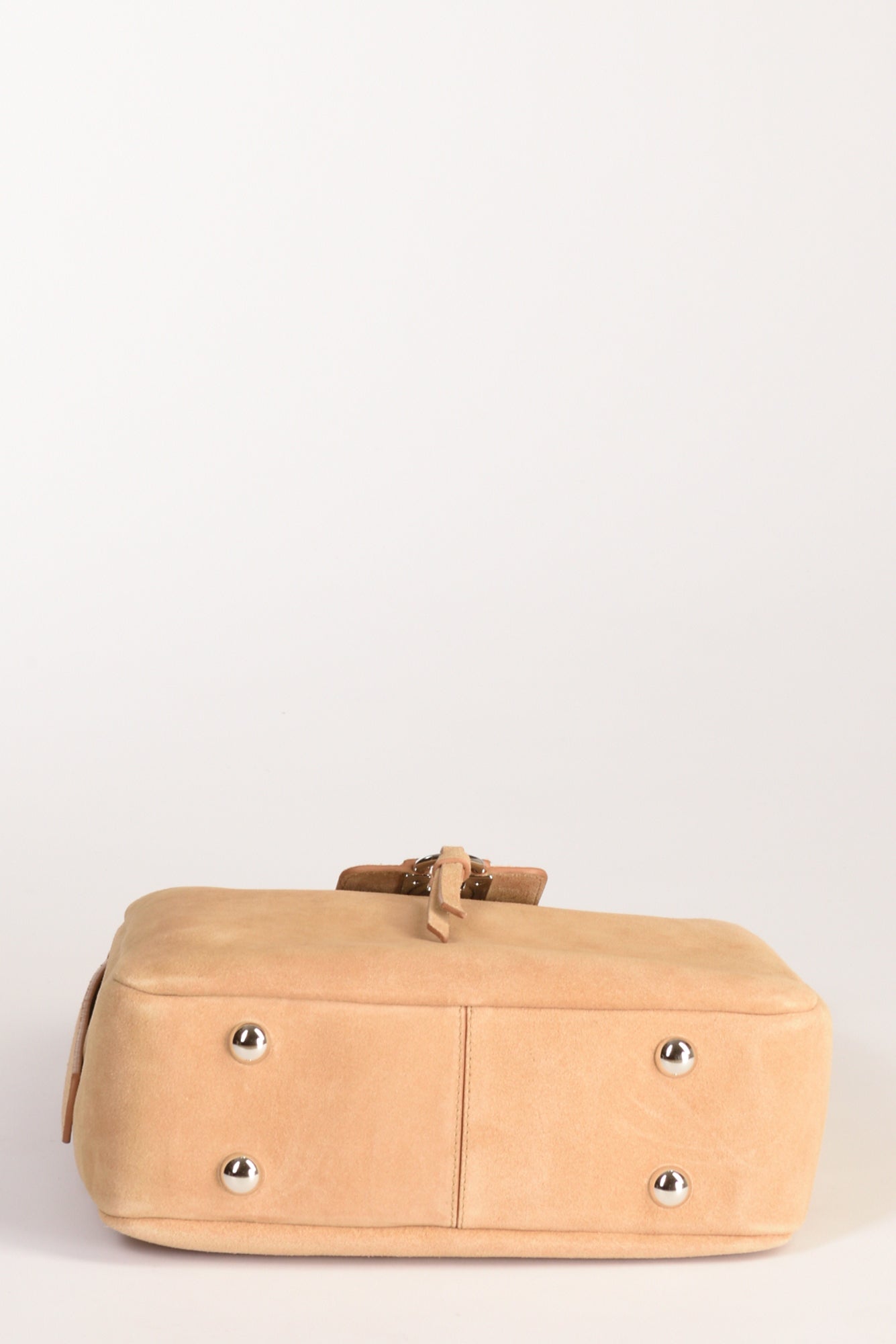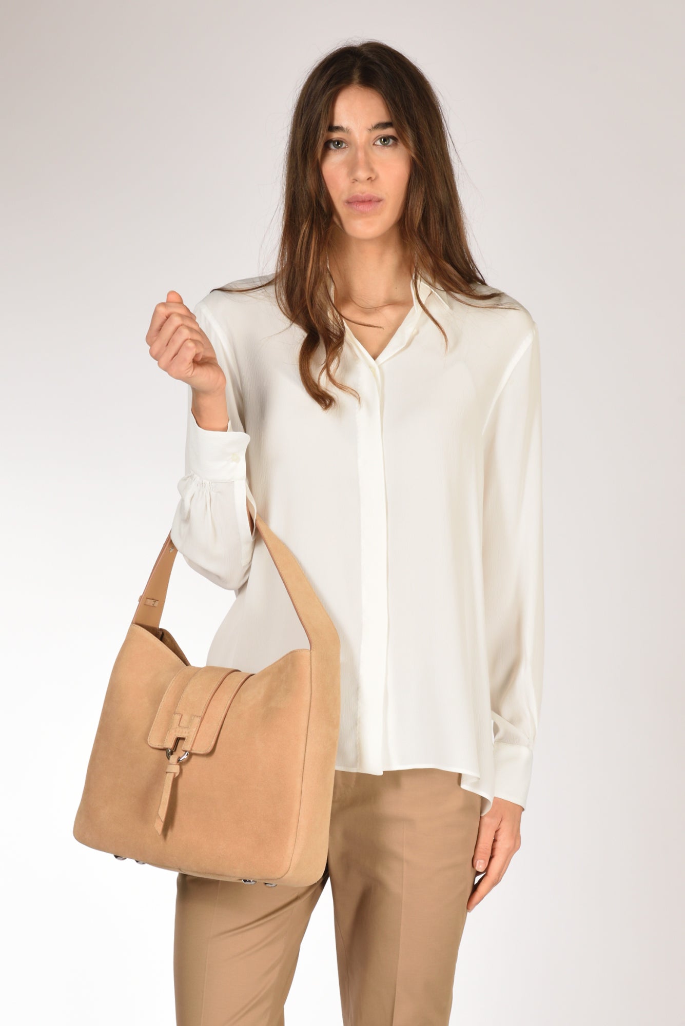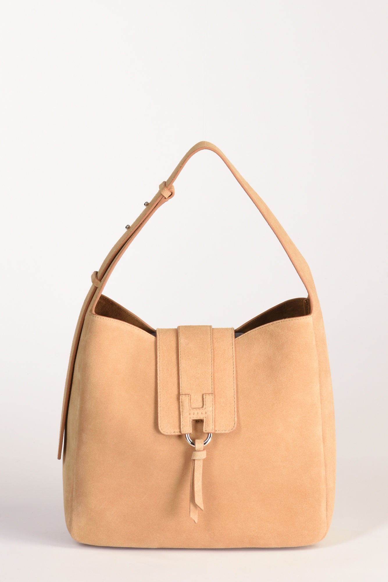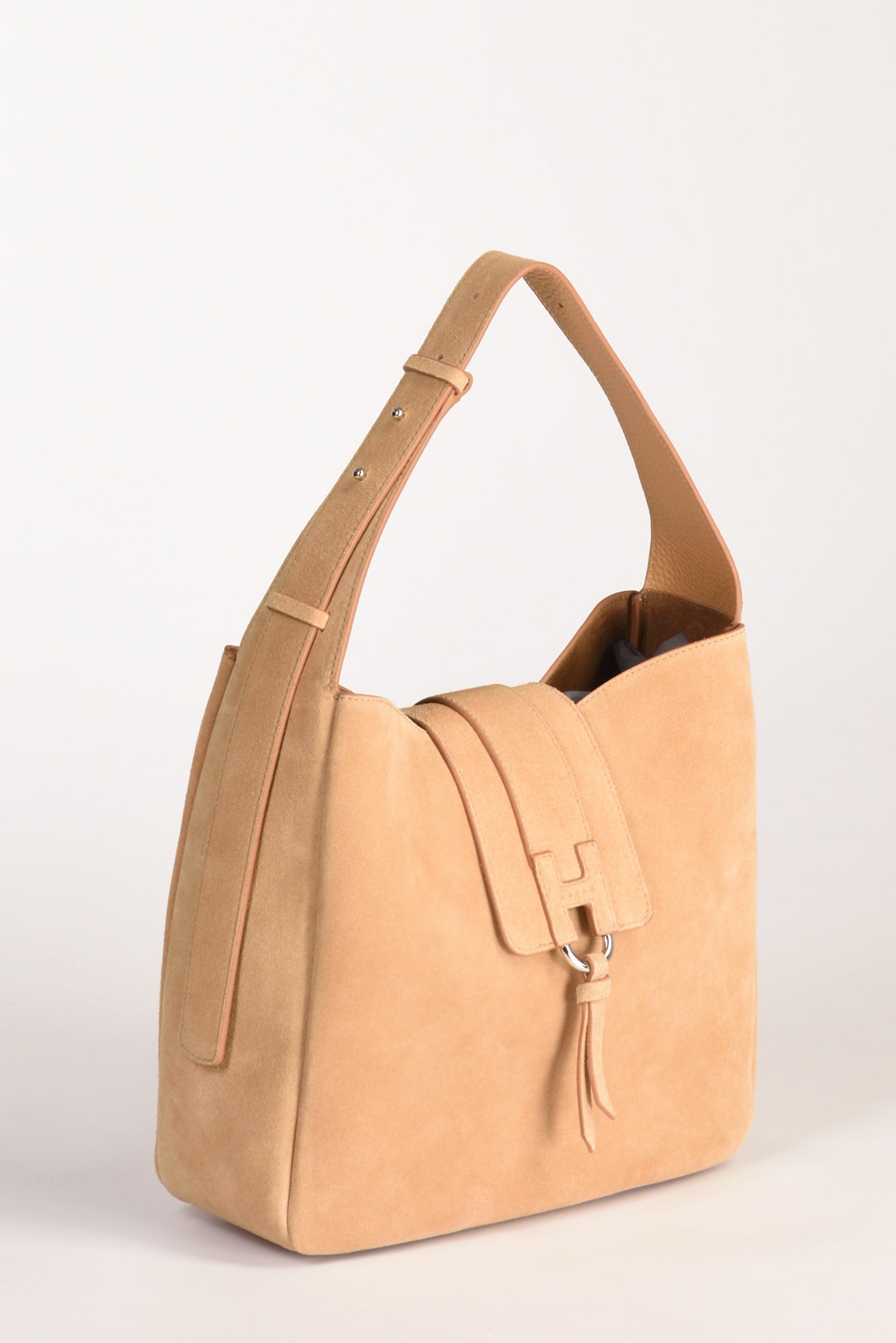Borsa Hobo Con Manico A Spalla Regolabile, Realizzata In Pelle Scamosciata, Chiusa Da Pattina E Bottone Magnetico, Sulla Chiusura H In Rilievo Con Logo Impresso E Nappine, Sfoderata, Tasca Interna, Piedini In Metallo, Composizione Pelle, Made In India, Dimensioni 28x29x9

########

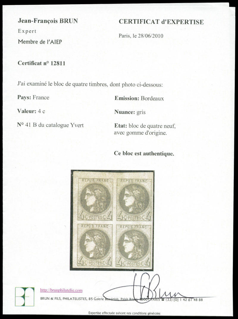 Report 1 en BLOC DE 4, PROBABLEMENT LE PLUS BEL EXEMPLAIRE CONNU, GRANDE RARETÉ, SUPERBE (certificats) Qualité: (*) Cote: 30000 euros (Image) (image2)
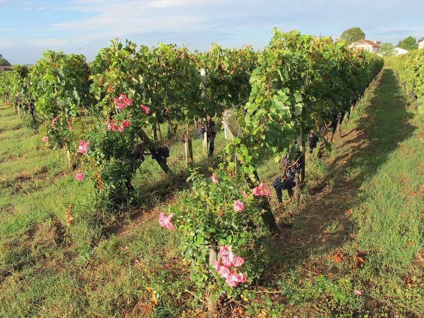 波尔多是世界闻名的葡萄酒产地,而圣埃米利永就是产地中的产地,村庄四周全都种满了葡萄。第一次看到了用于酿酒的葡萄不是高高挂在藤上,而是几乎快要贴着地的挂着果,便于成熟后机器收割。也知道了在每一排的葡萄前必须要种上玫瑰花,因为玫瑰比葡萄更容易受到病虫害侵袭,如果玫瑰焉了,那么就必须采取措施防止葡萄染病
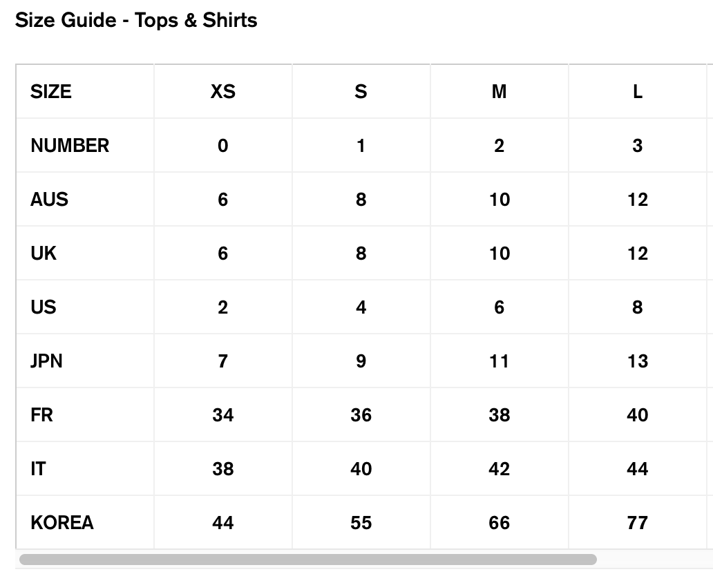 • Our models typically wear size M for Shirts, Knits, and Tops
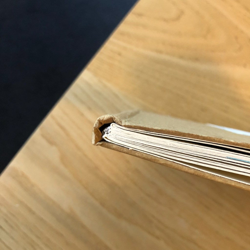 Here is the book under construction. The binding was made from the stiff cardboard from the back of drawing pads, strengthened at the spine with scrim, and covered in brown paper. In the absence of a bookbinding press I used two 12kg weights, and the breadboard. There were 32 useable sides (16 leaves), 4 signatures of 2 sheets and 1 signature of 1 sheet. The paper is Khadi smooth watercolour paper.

########

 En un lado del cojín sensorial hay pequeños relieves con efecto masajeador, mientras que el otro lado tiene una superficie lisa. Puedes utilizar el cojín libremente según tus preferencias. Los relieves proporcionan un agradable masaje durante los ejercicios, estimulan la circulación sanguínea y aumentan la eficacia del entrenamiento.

########

* WHAT IS BEING ASKED
Above are records; repeat only the lines from the line with "Knits, and Tops" through the line with "Here is the", and leave pictures out.

* WORKED SOLUTION
 • Our models typically wear size M for Shirts, Knits, and Tops
 Here is the book under construction. The binding was made from the stiff cardboard from the back of drawing pads, strengthened at the spine with scrim, and covered in brown paper. In the absence of a bookbinding press I used two 12kg weights, and the breadboard. There were 32 useable sides (16 leaves), 4 signatures of 2 sheets and 1 signature of 1 sheet. The paper is Khadi smooth watercolour paper.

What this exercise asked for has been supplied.